→ **HOW TO COMPLETE THIS TASK**:
A faithful copy is needed of the lines below from the one with "1750 февраля 19." up to and including the one with "saia Springfield |"; set it down with no pictures and no other lines.

→ **GIVEN DATA**:

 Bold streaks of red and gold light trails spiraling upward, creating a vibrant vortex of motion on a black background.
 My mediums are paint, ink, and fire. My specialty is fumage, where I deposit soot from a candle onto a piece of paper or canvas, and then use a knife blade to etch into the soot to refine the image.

...

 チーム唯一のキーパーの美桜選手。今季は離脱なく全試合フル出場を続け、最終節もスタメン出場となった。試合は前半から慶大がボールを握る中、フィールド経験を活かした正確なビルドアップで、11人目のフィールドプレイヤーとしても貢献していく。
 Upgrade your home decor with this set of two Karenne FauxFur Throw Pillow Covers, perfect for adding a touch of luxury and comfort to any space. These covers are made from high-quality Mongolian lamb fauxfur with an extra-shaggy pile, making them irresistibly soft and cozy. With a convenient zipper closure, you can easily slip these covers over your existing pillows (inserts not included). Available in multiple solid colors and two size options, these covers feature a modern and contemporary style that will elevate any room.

==

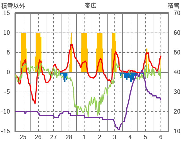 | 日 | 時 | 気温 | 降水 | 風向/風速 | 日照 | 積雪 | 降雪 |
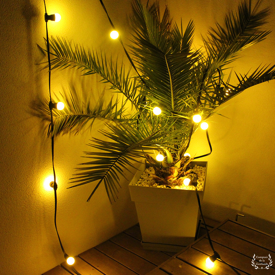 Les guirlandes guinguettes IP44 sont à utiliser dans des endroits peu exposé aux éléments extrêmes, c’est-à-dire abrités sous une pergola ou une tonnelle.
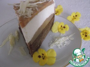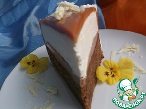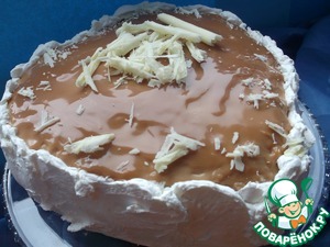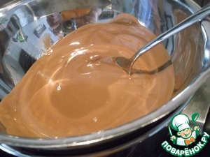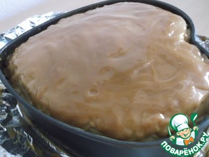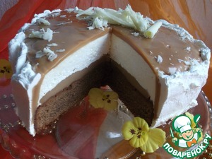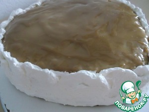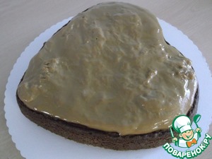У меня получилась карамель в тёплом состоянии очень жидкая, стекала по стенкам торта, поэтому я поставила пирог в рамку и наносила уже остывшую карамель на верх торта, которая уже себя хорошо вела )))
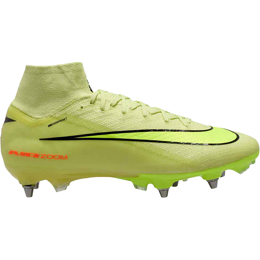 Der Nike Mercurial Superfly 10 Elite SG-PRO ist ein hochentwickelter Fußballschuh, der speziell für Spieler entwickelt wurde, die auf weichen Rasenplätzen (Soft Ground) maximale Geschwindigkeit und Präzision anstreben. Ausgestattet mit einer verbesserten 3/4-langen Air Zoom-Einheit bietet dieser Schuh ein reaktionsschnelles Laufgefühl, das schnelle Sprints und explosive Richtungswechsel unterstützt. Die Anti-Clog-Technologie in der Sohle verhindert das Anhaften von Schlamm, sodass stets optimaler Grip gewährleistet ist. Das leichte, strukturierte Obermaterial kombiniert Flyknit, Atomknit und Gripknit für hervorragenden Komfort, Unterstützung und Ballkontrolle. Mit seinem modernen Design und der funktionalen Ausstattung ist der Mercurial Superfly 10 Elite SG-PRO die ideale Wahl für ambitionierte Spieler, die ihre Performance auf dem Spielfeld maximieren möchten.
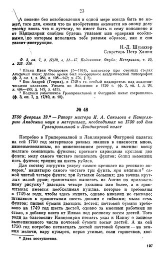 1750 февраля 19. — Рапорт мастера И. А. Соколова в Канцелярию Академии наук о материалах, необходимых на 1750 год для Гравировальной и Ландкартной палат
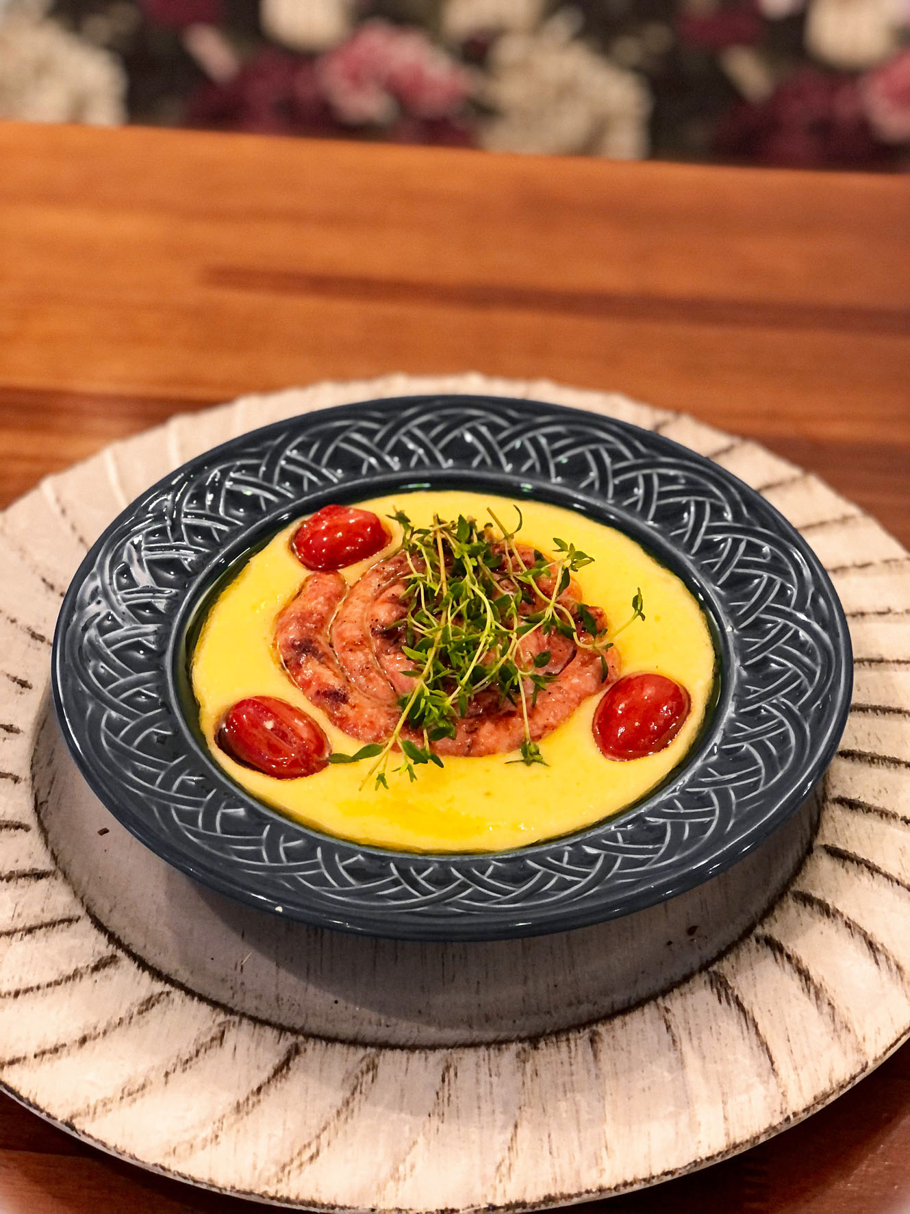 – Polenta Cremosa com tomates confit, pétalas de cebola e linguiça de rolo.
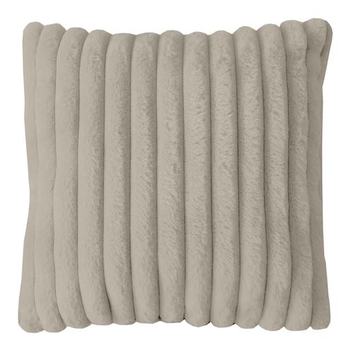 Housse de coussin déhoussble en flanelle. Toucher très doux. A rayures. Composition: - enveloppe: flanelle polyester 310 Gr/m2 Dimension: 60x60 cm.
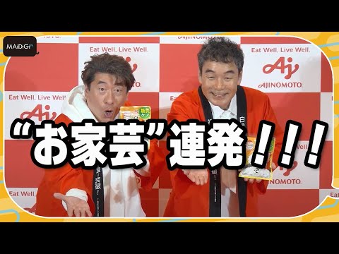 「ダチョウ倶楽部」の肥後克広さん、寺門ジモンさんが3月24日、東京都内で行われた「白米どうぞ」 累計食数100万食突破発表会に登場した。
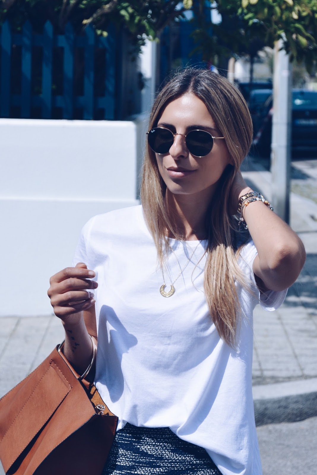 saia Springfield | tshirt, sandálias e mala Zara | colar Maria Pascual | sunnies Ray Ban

→ **TASK RESULT**:
 1750 февраля 19. — Рапорт мастера И. А. Соколова в Канцелярию Академии наук о материалах, необходимых на 1750 год для Гравировальной и Ландкартной палат
 – Polenta Cremosa com tomates confit, pétalas de cebola e linguiça de rolo.
 Housse de coussin déhoussble en flanelle. Toucher très doux. A rayures. Composition: - enveloppe: flanelle polyester 310 Gr/m2 Dimension: 60x60 cm.
 「ダチョウ倶楽部」の肥後克広さん、寺門ジモンさんが3月24日、東京都内で行われた「白米どうぞ」 累計食数100万食突破発表会に登場した。
 saia Springfield | tshirt, sandálias e mala Zara | colar Maria Pascual | sunnies Ray Ban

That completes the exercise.